Ahem. (fanning her face in a delicate Southern Belle manner) Yes I do likes me some rugby.

We are going, in a rather large group of confessed sots, drunks, Irish, English, a lone Scot, horny rugby lovin' women and general mayhem-producers, to a pub in Oslo which I will not tell you the name of at present for fear of the police having a heads up of us intending to misbehave.

Ok, we aren't really that bad. We'll just get a bit soused and then holler alot. I mean, we are a bunch of 30++ (except of course, you, Eileen, though you only get a few more months before you have to face it like the rest of us) professionals with responsible jobs, mortgages, the occasional children and grown up type things hanging over us. some of us are even considered rather intelligent.
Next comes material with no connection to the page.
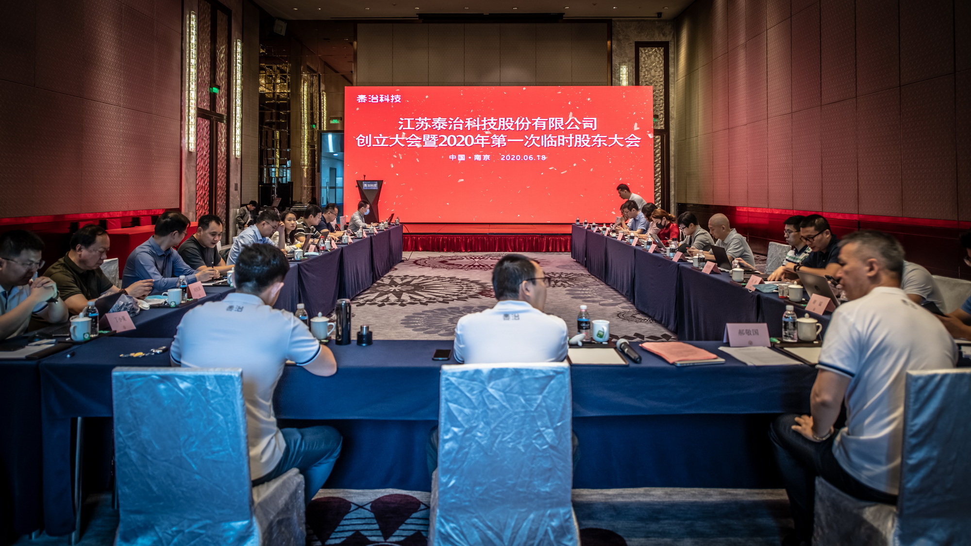 2020年6月18日,江苏泰治科技股份有限公司创立大会暨第一次临时股东大会在南京金奥费尔蒙酒店隆重举行。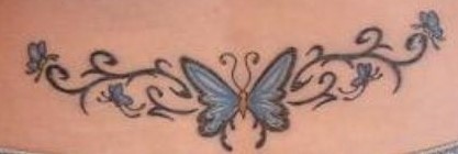 The ink was centered in the middle of her hourglass figure. It sat just above her flared hips and demanded attention with an eye-catching blue. It was trashy, girly, and slutty all at the same time. Kourtnee didn’t know a single man that had a tattoo like this!

We've got a rocket scientist, a few PhD's, some IT people, engineers and such amongst us. (Writing that just now, I fear I am sort of the stooge of the group. Funny, flirty, but certainly maybe not the brain trust, yaknowwutimean? Perhaps I am the Chronicler, the Samuel Pepys of the drunk brigade.)) So, we can't really get into THAT much trouble. Can we?

And certainly, we do not do undignified things. Not like making snow angels in the middle of very busy Olso streets. And then having them horribly defiled. Nor ending the evening in a Scottish bar (must respect all the Celts, you know) slurping down fine Scotch on wasted tastebuds and talking in random monosyllables and snorting with laughter. (Warning: If you are ever presented with a cognac and a spoon by a Norwegian guy named Ronny and told to snort, think long and hard about that decision. Amazing what peer pressure can do even if you are in your late thirties. My sinuses are still remarkably clear though.) Nor twisting Phil's hat up until he looks remarkably like that Holbein painting of Anne of Cleves with the Flying Nun headress and then making him pose for pictures. (Actually it is a remarkable resemblance.)

I have the milk thistle at the ready for when I get home and the large glass of water resides next to the bed.